Abstract
Purpose :
Although the choroidal thickness (ChT) is a pertinent sign to assess ocular health, its analysis is not common because it takes time to manually segment it. Recent imaging developments in Optical Coherence Tomography (OCT) enable a better observation of deeper structures of the eye, like the choroid. We developed an application that automatically estimates ChT, allowing the ophthalmologist to promptly analyze the data and reducing the subjectivity and time consumption of the manual segmentation.
Methods :
To estimate the ChT, we used Enhanced Depth Imaging OCT B-scans from a Spectralis system (Heidelberg Enginnering, Germany). The automatic methodology can be split into three main parts: preprocessing, delineation of both choroidal limits - the Bruch’s Membrane (BM) and Choroidal-Scleral Interface (CSI) - and finally ChT calculation. The preprocessing includes: contrast adjustment (different for each limit), reduction of the shadows cast by retinal vessels and the reduction of the speckle noise using a Stationary Wavelet Transform. The BM and CSI are delineated resorting to a minimum weight path algorithm (Fig. 1). The ChT is the distance between the two delineated limits in the scanned area.

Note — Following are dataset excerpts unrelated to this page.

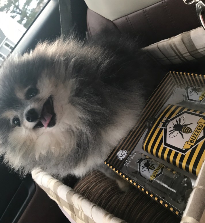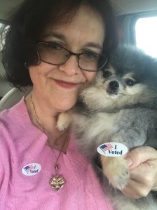 Olivia was out and about today! First she voted, then she picked up a donated item for the fundraiser!
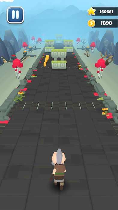 3、游戏非常简单,就是操控各种各样的不同的角色向前奔跑,躲避机关和怪物,收集水果和宝箱。
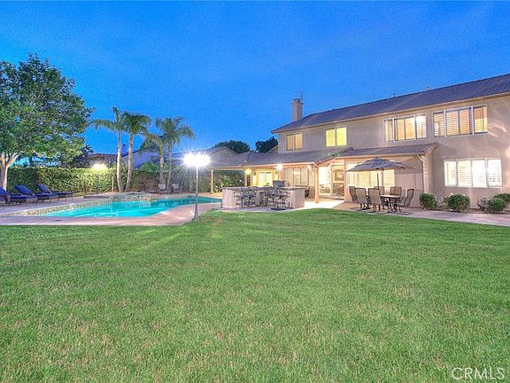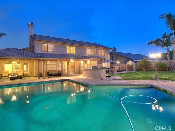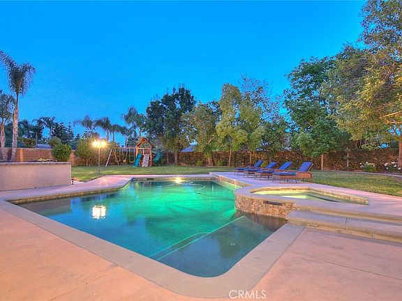 Fabulous Chino "estate" property situated on a sprawling 18,117 square foot lot (per assessor records) with 5 bedrooms & 3 1/2 bathrooms and resort style pool and spa. Located in a highly desirable development that features horse & walking trails, pride of ownership is apparent as you drive the neighborhood. This home enjoys a WONDERFUL floor plan including a spacious downstairs suite with bedroom, a generously sized private living room and on-suite bathroom. The bathroom has a large walk in shower & custom vanity with upgraded counter top. Perfect for in-law quarters or guest quarters. The downstairs suite has direct access to the backyard and covered patio for a quiet cup of morning coffee or afternoon drinks by the pool. The living room and formal dining area are the first rooms you will enter from the front double doors and foyer. A large family room with rock accented fireplace and built in display/storage features opens to the spacious kitchen. The kitchen boasts rich wood cabinetry, an abundance of storage space, granite counter tops, recessed lighting, decorative backsplash and a cheery breakfast nook for informal dining. Upstairs is a lovely primary suite, with views to the tranquil backyard and retreat space. The large on-suite bathroom has a separate soaking tub and walk in shower and a sizeable walk in closet. Secondary upstairs bedrooms are nicely sized and there is a another guest bathroom as well. Excellent extra storage throughout the home. The backyard is park like with an expansive lawn area, play set, private barbecue island, huge covered patio and gorgeous sparkling pool and spa. Backyard trees include avocado, orange, lemon and lime. This property is perfect for entertaining and outside recreation. 4 car garage plus space for RV parking & plentiful driveway parking. This property has so much to offer!!

Measurements in a series of B-scans can be interpolated and mapped in the fundus image, as shown in Fig. 2; an application was developed for this purpose. A manual segmentation of BM and CSI was outlined by 2 OCT expert ophthalmologists in 8 macular volume videos with 19 B-scans each.
Results :
The mean absolute errors (MAE) between the automatic and each manual segmentation (7,5±3,2% and 7,9±4,4%) were comparable to the differences between the two manual segmentations (7,8±3,6%).To assess precision, differences were calculated between interpolations of the ChT of orthogonal series of B-scans. The difference of the automatic ChT (4,4±4,5%) is lower than the differences in the manual segmentations (5,5±4,5% and 6,1±5,0%).
Conclusions :
The automatic estimation of the ChT was successful, with a higher precision than the manual. The developed application allows the physician to easily access the ChT profile information, as well as, if necessary, perform a manual correction to the automatic segmentation.
This is an abstract that was submitted for the 2018 ARVO Annual Meeting, held in Honolulu, Hawaii, April 29 - May 3, 2018.